Consider, too, the millions of tons of firewood this would save instead of being used for fuel.
The company Solar Cookers International (SCI), a California-based nonprofit organization, has launched a number of projects all around the world since its conception in 1987, to encourage the reduction in cooking fuels and substitute them with solar cookers.
Their Sunny Solutions project in Nyakach, Kenya started in 2003 and involves the use of a small, portable device that collects energy from the sun to generate heat. Firewood is used only at night and on cloudy days. These simple cookers concentrate the sun’s heat so that a pot of food can be heated, often with a covering of some sort to stop the heat escaping. A panel cooker takes about an hour to build and costs around $5 in Kenya, with a saving of around $6 on fuel per month.
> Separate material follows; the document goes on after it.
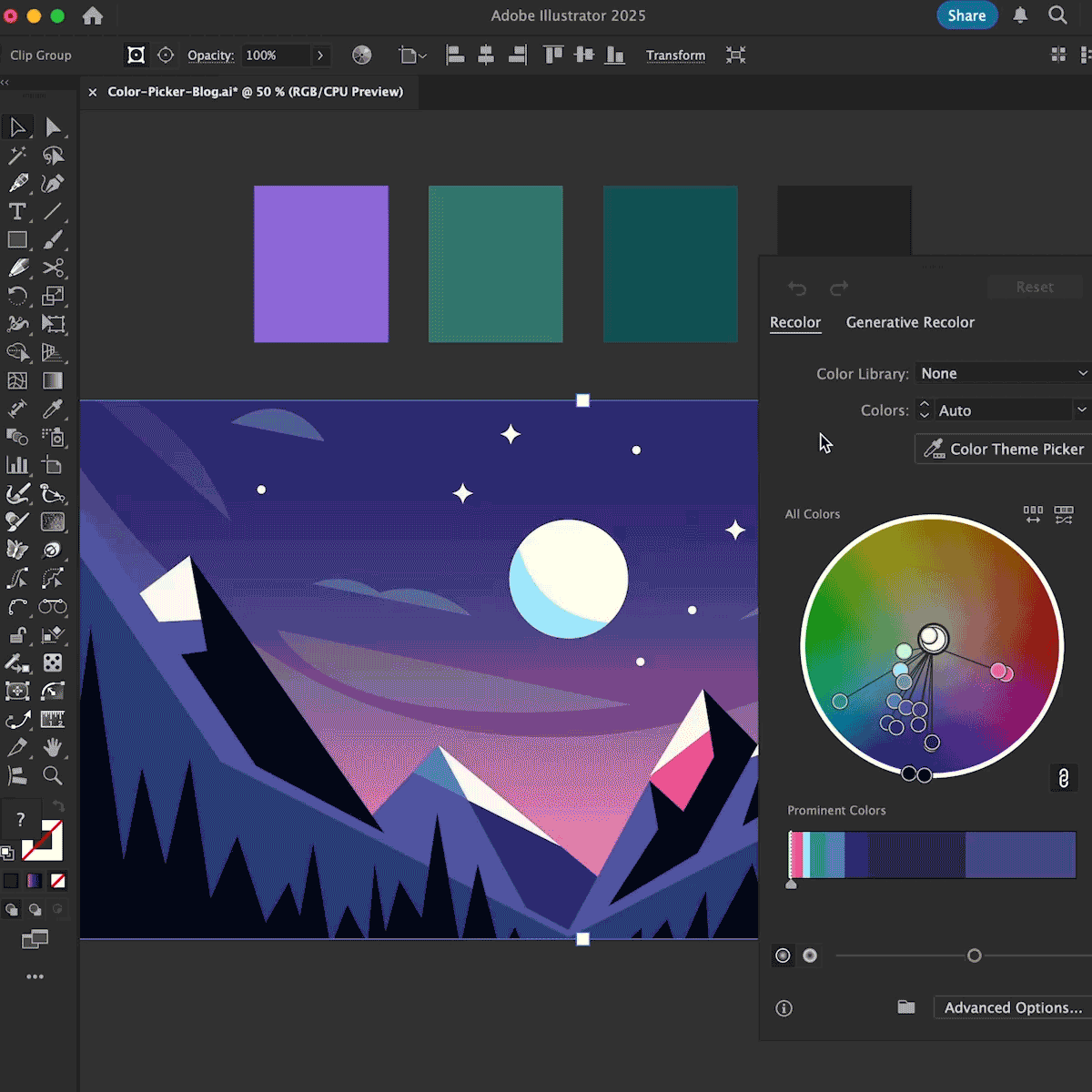 Open it via Edit > Edit Colors > Recolor Artwork or click the color wheel icon in the Properties panel. The Recolor panel lets you:

The technology has proved simple and effective, especially during humanitarian crises of the recent years. Sudanese refugee in the Iridimi camp in Chad made use of solar cookers out of necessity because leaving the camp to gather firewood is extremely dangerous.
Four humanitarian groups (Solar Cookers International, KoZon Foundation, Jewish World Watch, Refugee Foundation Netherlands and CARE International) partnered to make and distribute solar cookers those families living in the camp and to others in neighbouring camps.
On both the very large and the small scale, CSP is a demonstrably viable energy source…that is, unfortunately, getting little attention from governments.